TEMPO.CO, Jakarta – Panglima TNI Jenderal Andika Perkasa menghindari pengenaan sanksi etik bagi prajurit yang terlibat tindak kekerasan dalam Tragedi Kanjuruhan. Sejumlah prajurit yang terlibat mengamankan pertandingan kini menghadapi sanksi, termasuk komandan batalyon.
“Saya berusaha untuk tidak etis, karena kalau etika ini memang ada syaratnya. Bagi saya sangat jelas itu kejahatan,” kata Andika Perkasa saat ditemui usai peringatan HUT TNI ke-77 di Istana Merdeka, Jakarta. , Rabu, 5 Oktober 2022.
Sebelumnya, ratusan orang tewas dalam Tragedi Kanjuruhan usai pertandingan Arema FC vs Persebaya Surabaya pada Sabtu, 1 Oktober 2022. Kekerasan dari aparat dan penggunaan air mata menjadi sorotan publik atas kejadian ini.
Andika mengatakan, sejauh ini sudah ada 5 prajurit yang diperiksa terkait Tragedi Kanjuruhan karena sudah ada bukti permulaan. Empat orang mengaku telah melakukan kekerasan terhadap suporter Arema FC dan satu orang lagi tidak mengakuinya. “Tapi kami tidak menyerah,” katanya.
Andika mengatakan, TNI terus meminta informasi kepada siapa saja yang memiliki video kerusuhan di Kanjuruhan yang menewaskan ratusan orang. Dari lima yang diperiksa, empat di antaranya adalah sersan dua (serda) dan satu prajurit (pratu).

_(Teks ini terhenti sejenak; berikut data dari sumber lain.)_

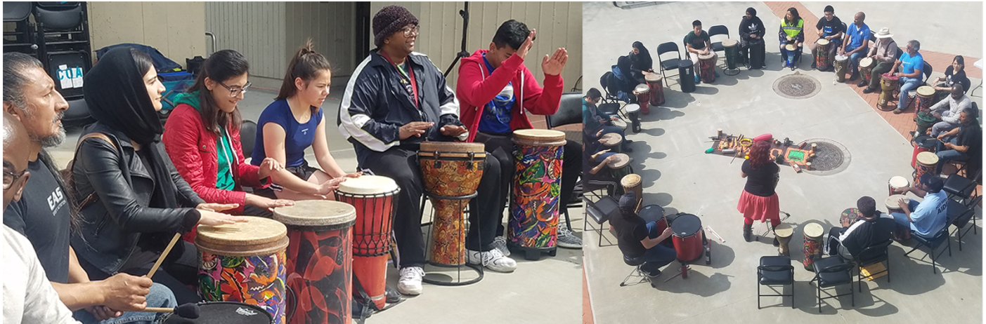
The recent drum circle at CoA was very popular with students, faculty, and staff.

Andika tidak merinci apakah semua yang mengaku sebagai empat prajurit ini berpangkat serda. Namun dia membenarkan bahwa TNI saat ini sedang mengkaji unsur pimpinan prajurit.
“Kami juga memeriksa mereka yang lebih tinggi, prosedur apa yang mereka lakukan, apakah mereka telah memperingatkan mereka, dan sebagainya,” kata mantan Panglima Pasukan Keamanan Presiden itu.
Periksa Komandan
Pemeriksaan ini sampai ke tingkat komandan batalyon yang berada di lokasi kejadian. Pemeriksaan ini, kata dia, merupakan bagian dari evaluasi di lingkungan TNI. “Apa itu berarti pengarahanmenekankan batasan kewenangan TNI dalam bertindak, padahal kita hanya BKO, berarti tidak berhasil,” ujarnya.
Dalam video yang merupakan yang terbesar di media sosial, terlihat seorang tentara menendang kipas dari belakang saat mereka berjalan di lapangan. Video ini salah satu referensi Andika.
“Seperti di video itu, ada beberapa oknum yang menyerang masyarakat atau individu yang tidak menyerang, malah membelakangi. Itu sangat-sangat tidak baik,” kata Andika.
Andika mengatakan, paling tidak para prajurit ini bisa dijerat Pasal 351 KUHP ayat 1. Kemudian KUHP Pasal 126 tentang melampaui kewenangannya dalam bertindak. “Itu minimal, jadi kita lanjutkan dan setiap pasal ada ancaman hukumannya,” katanya.
Begitu juga dengan panglima prajurit. Jika misalnya komandan tidak memberi pengarahan sehingga terjadi kerusuhan, artinya tidak bertanggung jawab. “Artinya Pasal 126 KUHP (militer), KUHP M ini akan pidana, bukan hanya etika atau disiplin,” katanya.
Ikuti berita terbaru dari Tempo di Google News, klik di sini.